Willing? It's not a question of want but can. Their borrowing capacity has shrunk with rising interest rates. Simple as that, they're no back pocket full of cash.

Up
3

The very large number of comments on this topic certainly shows just how obsessed New Zealanders are with residential property. This obsession is one of the main reasons why we are such a poor nation compared with those nations that are doing better than us. It’s just as well we have a reasonable lifestyle in New Zealand to make up for our weak financial position. For those who can afford to buy good housing and food that is.

Up
1

That lifestyle is just backed by selling houses to each other, with new entrants to the economy (FHB) borrowing greater sums to make up the difference.  

The economy is no different than taking out a $20k CC, spending $5k/mth on living well while only earning $4k salary.  The CC company loves it so much, they drop the rate from 15% to 12% and increase limit by $5k = the same in interest dollars.  Rinse and repeat.  Now I have a $100k credit limit with a 3% rate, and rates start going up.  

Up
3

Considering the offers are so far below the sellers expectations its going to be amazing to watch the levy break.....

Up
7

Thousands of homes sell every month.
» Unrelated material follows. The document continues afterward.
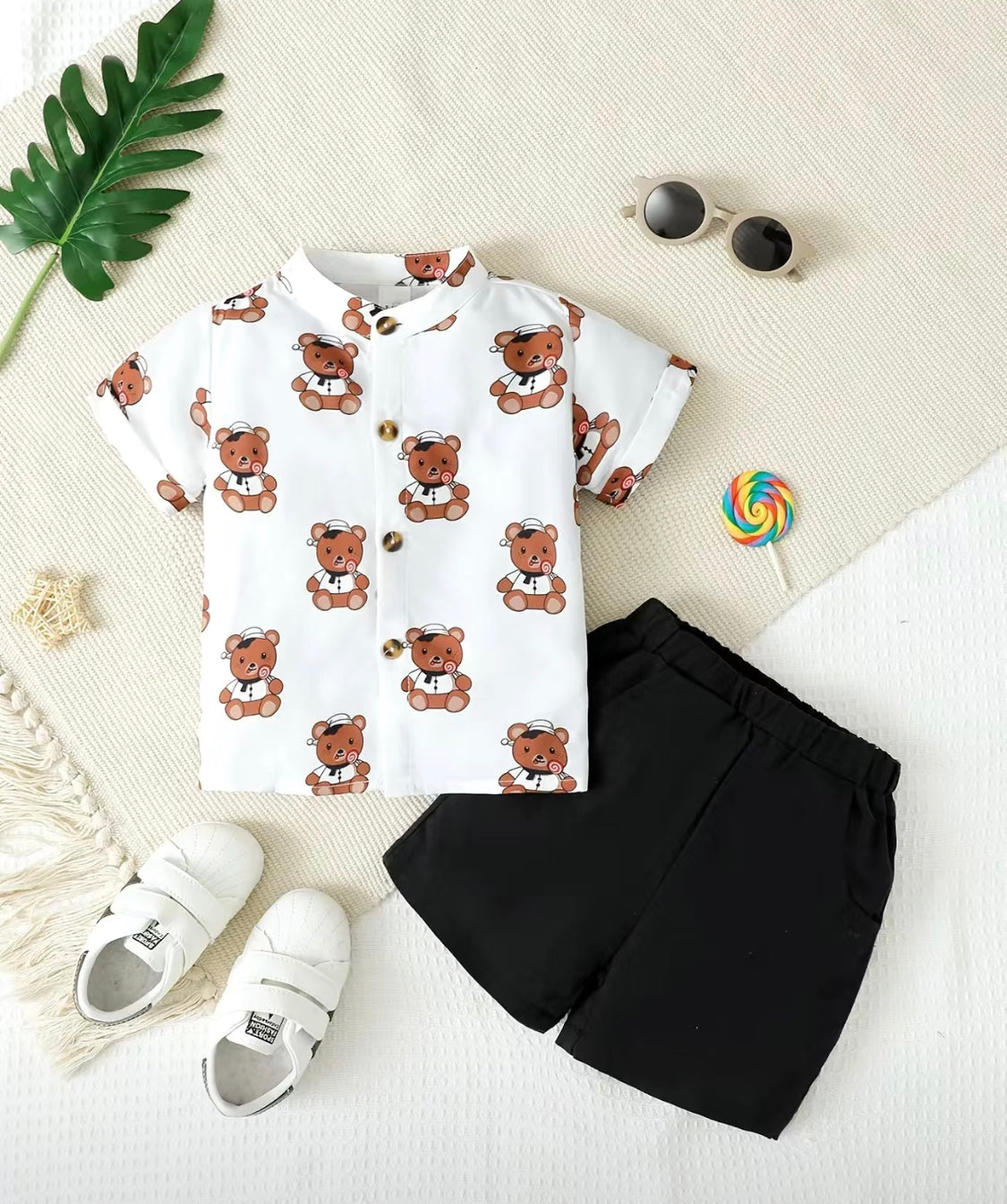 This summer outfit for baby boys is perfect for any outing with its cool bear print shirt and black shorts.

Why do you keep overlooking that fact.

Up
0

Thousands of liters of water spills over a levy before it breaks.  

Up
4

So you reckon there aren't buyers who need to purchase, ones who have been waiting in the wings. Btw the analogy does not fit the situation.

Up
0

I know there are sellers who need to sell....       

Some will not be able to afford a doubling of interest rate costs.....
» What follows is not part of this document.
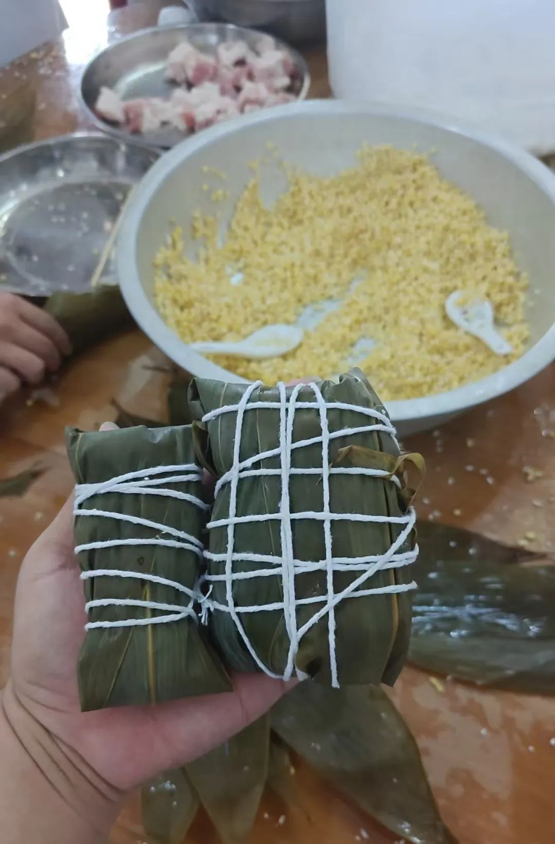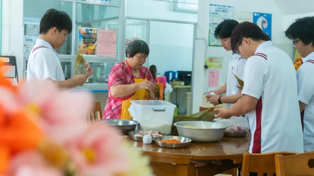 经过大家齐心协力,一个个饱含着温情的粽子整齐地摆放在蒸笼里。当热气腾腾的粽子出锅时,整个食堂都弥漫着浓郁的粽香。

  tick... tock... tick... tock....

Up
4

The ones that want to buy cant, so migrate to Aussie. Those that can buy are waiting for the greedilocks 2% loans to role off to 7%....

Popcorn.

Up
2

"The ones that want to buy cant"

Obviously many can ... just going by the monthly figures. Also not everyone wants to move to Aussie incl yourself it seems

Up
0

There will always be buyers.  In particular, those who already own a home and are trading up/down/across.  But even those buyers may be held back by their "subject to sale" clause.  

Up
1

We're selling!... Not any more.

 

Prices fall when supply is high demand low.

 

Supply is huge right now.Trademe listings are at record levels, new builds are in over supply and buyers have fecked off!

 Crash! Coming.

Up
0

Auckland housing is beginning the process of price discovery to the downside.
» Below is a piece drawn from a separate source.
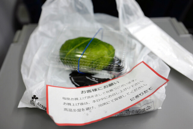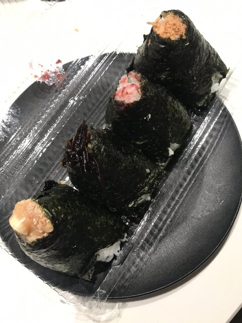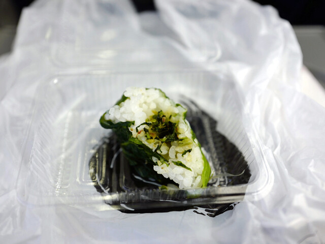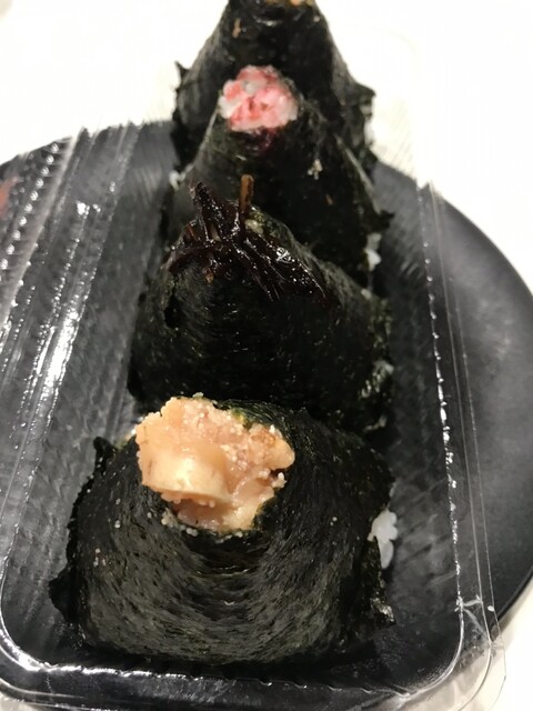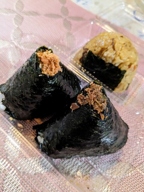 移動の途中、小腹がすいておむすびを買う。

Akin to GME/AMC. When the central banks remove liquidity. An asset with negative growth/poor yields will be repriced as appropriate. 

Up
5

there are three types of people who comment here ..

1. Property owners (mortgage low/ free) who love the housing market. And want a boom bust market to make oodles of money.

 

2 property owners ( mortgage high) who love watching the market rise more than fall 

 

3. Idiots who bummed around, never got good careers, earn crap wages ( due to thier own decisions/ choices and nobody else's actions!!!!) or are just lazy minded. They don't own a home and are jealous of 1. & 2. Above. They also justify their renting with bullshite excuses.

 

And anybody who says housing speculation is easy is a dreamer!...

 

1. You have to be brave to spend large sums in a tricky market where you could lose big or gain big .

2. You have to do a lot of analysis to get your timing right 

3. You need to know a good price v bad price in the time frames of the market highs and lows etc.

4. Blah blah blah...

 

​​​​But, my experience has been very pleasing fo 16 years Compared to the previous 30 working my arse off " for the man"  just for all the profits to head offshore.

 

sooo .. housing speculation is a great NZ INCOME THAT DOES MORE FOR NZ THAN ...THE BANKS, GOOGLE, AND MOST LARGE CORPORATES.

 

ALSO, BUYING AND SELLING PROPERTY HAS LIFTED THE VALUES OF HOUSES IN POOR AREAS THUS LIFTING THE WEALTH OF THE POORER PEOPLE WHO BUSTED ASS BUYING PROPERTY 5, 10 ,25 YEARS AGO.